American politician (1744–1837)

Thomas Bull (June 9, 1744 – July 13, 1837) was an American politician from Pennsylvania. He served as a member of the Pennsylvania House of Representatives, representing Chester County from 1793 to 1801.

==Early life==
Thomas Bull was born on June 9, 1744, to William Bull.

==Career==
Bull was manager for Potts & Rutter at the Warwick Furnace.

Bull was appointed lieutenant colonel in 1776 and later commissioned as a colonel in the Continental Army during the Revolutionary War. He was taken prisoner and imprisoned in New Jersey and Long Island. After returning from the war, he continued to work as a manager at the Warwick Furnace. He held an interest in Joanna Furnace in Robeson Township, Berks County until about 1831.

Bull was a delegate to the convention which framed the Pennsylvania Constitution of 1776 or 1790, sources differ. He served as a member of the Pennsylvania House of Representatives, representing Chester County from 1793 to 1801. Around 1810 or 1812, he was associated with the construction of a road from Lancaster Turnpike to Welsh Mountain.
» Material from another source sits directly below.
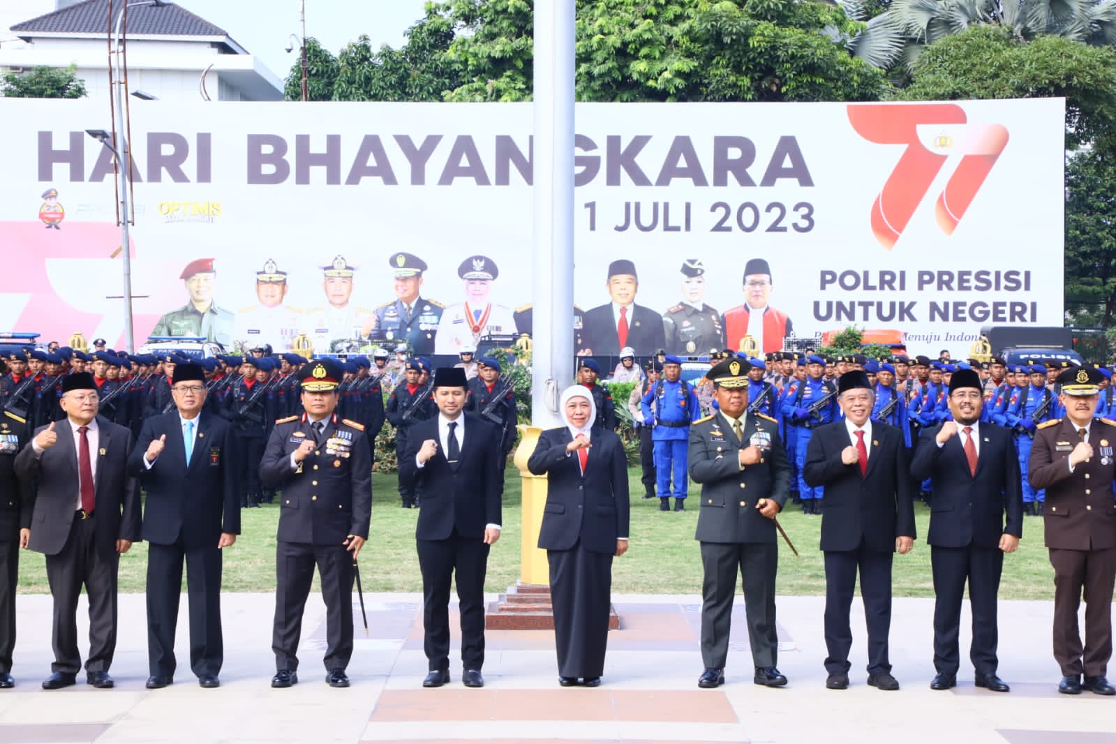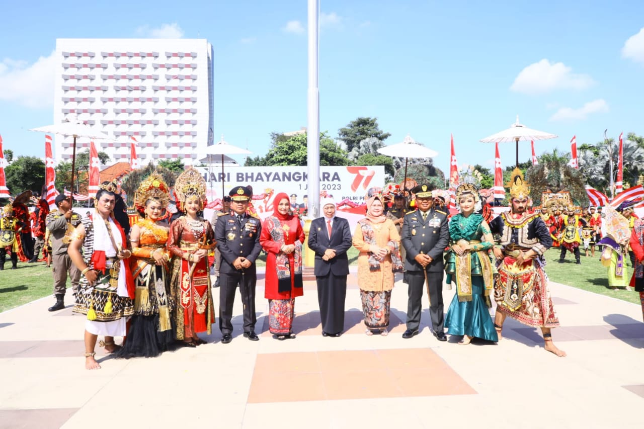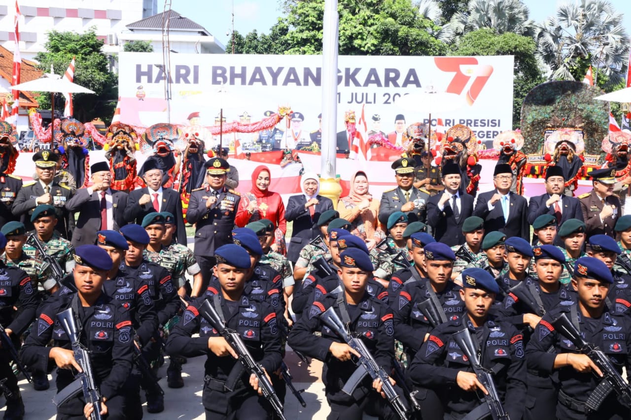 “POLRI adalah garda terdepan dalam menjaga kondisi Pemilu 2024 berjalan kondusif dan damai. Karenanya, kita semua berharap POLRI terus berkolaborasi dengan seluruh stakeholder untuk menjaga kohesifitas suasana dari berbagai potensi ancaman dan gangguan,” ujar Khofifah usai mengikuti upacara Peringatan Hari Bhayangkara ke-77 di Gedung Negara Grahadi, Sabtu (1/7/23).

Bull helped build St. Mary's Church in East Nantmeal (later Warwick Township).

==Personal life==
Bull married Ann Hunter, daughter of John Hunter, of Whiteland on February 28, 1771. She died in 1817. He married Lydia Crowell, a widow, of Cape May, New Jersey, in 1819. He had eight children, Elizabeth (born 1771), Mary (1774–1798), Ann (1776–1850), Martha (1779–1850), Sarah (1779–1817), Levi (1780–1859), James Hunter (1782–1797) and Margaret (1787–c. 1819). His son Levi was an Episcopal clergyman and lawyer. His grandson Thomas K. Bull was a member of the Pennsylvania House of Representatives. He lived near Warwick Furnace and purchased some land from the Warwick Company near the south branch of French Creek. He was a vestryman of St. Peter's Episcopal Church.

Bull died on July 13, 1837. A few years prior to his death, an act of Congress paid Bull an annual pension of for his service in the Revolutionary War.